Apologies in advance for the length of this post, Im trying to describe something rather complex.

There are a couple of possibilies, either I have grabbed completely the wrong end of the stick in the interaction between widgets and gtk,

or Ive identified potential for a significant painting optimisation on wxWidgets GTK when using non-native controls and buttons (possibly only with gtk on Xserver).

Before I launch into the post below in anger as a minor aside is there any reason that freeze() and thaw() are not implemented for gtk since the underlying GDK has them ?

In considering the bulk of the post below then please let me know if Ive found something valid, and also the prospects of the proposed fix working.

right ready ? here we go.


This is going to get really complicated to explain, but I believe this is the most significant cause of our ‘slow screen draw’ problem

Reading this page is fundamental to understanding the problem, along with understanding how wxWidgets maps onto GTK:gdk

http://library.gnome.org/devel/gtk/stable/chap-drawing-model.html

Note the major difference in how child ‘window’ and ‘non-window’ widgets are redrawn and that for hierarchical redrawing “This process is applied recursively for all the GTK_NO_WINDOW descendants of the original widget.”

And that….” When you draw on a GdkWindow, your drawing gets clipped by any child windows that it may intersect. Sometimes you need to draw over your child windows as well; for example, when drawing a drag-handle to resize something. In this case, turn on the GDK_INCLUDE_INFERIORS subwindow mode for the GdkGC which you use for drawing”

Also pay attention to the section on double buffering and in particular automatic double buffering.

Now lets turn to wxWidgets. The base window class has several requirements that don’t map too well onto gdk, which are that it can be a container for further windows and controls and that the client area can be drawn on, this resulted in the creation of the gtk_pizza class which performs these tasks. At a GTK level this derives from GtkScolledWindow – So on GTK on Xserver this means every control is a separate child window.

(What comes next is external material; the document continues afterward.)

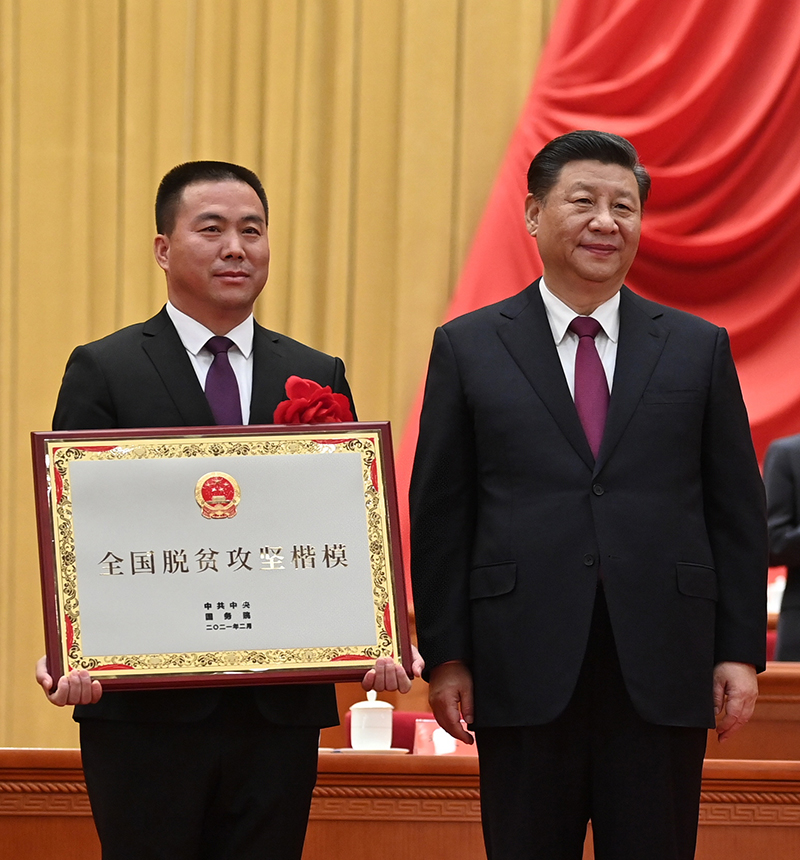 2月25日,全國脫貧攻堅(jiān)總結(jié)表彰大會在北京人民大會堂隆重舉行。這是習(xí)近平為全國脫貧攻堅(jiān)楷模榮譽(yù)稱號獲得者寧夏回族自治區(qū)永寧縣閩寧鎮(zhèn)頒獎 李學(xué)仁攝/本刊

This must have been seen to be a problem, since some classes derived from wxWindow (e.g. wxButton) use a ‘native’ gtk button instead of a gtk_pizza, hence at a GTK level they are ‘non-window’ widgets.

(still with me ? – said this was going to get complicated)

….now our control (which is essentially a custom bitmap button) is derived from wxWindow, not wxBitmapButton. This means at a GTK level it is a SEPARATE CHILD WINDOW, not a ‘non-window’ widget.

So what I believe is happening is that when a window is sent an ‘expose’ the background (clipped to it’s children) is painted – the duration of this call being double buffered – and after this expose call returns it is shown – so we get an outer frame with ‘holes’ where all the buttons are showing the previous dialog through it

Each child gtk WINDOW in turn then gets sent an expose – each one of these individual ‘exposes’ being double buffered, but there is no overall double buffering of the entire process. (I believe I have proved this is the case by switching on visual updates in the GTK runtime and it looks like this)

So the short term fix is to derive from wxBitmapButton which has the additional bonus of shoving the bitmap right down to the gtk layer. (there is a flag on the style to have 'no border' and some other gtk level styles we might want to tinker with)

I have knocked up a demo of this and it partially works - I think it falls apart because I'm re-generating the bitmap in the 'onsize' handler and the 'set bitmap' method on the wxBitmapButton currently queues up a resize. - it does demonstrate the faster repainting - and I have a tool that hilights and delays the redrawing of the invalidated regions by manipulating the gtk update flag ( updates =

 Visual feedback about window updates  http://library.gnome.org/devel/gtk/unstable/gtk-running.html )

This does not solve the more general situation where we have other ‘custom’ controls which are made up of several other wxWindows. If the custom controls all do their own painting then we can blit to a device context under our own control in the wxWidgets layer, however a better general solution would be to carry out the fix at the widget/gtk interface layer so it works for all controls.

On the surface of it I’m thinking that in the ‘parent’ control we turn on ‘GDK_INCLUDE_INFERIORS’ during the processing of the expose event – then we see which children (both window and non-window) gtk widgets are in the region to be painted (or maybe the area)(area is a simple single rectangle, region is a collection). Then for each of these widgets we redirect it’s output to the parent gtk window using

gdk_window_redirect_to_drawable
http://library.gnome.org/devel/gdk/unstable/gdk-Windows.html#gdk-window-redirect-to-drawable
http://library.gnome.org/devel/gtk/stable/GtkWidget.html#gtk-widget-intersect
 (a gtkWindow derives from a gtkDrawable)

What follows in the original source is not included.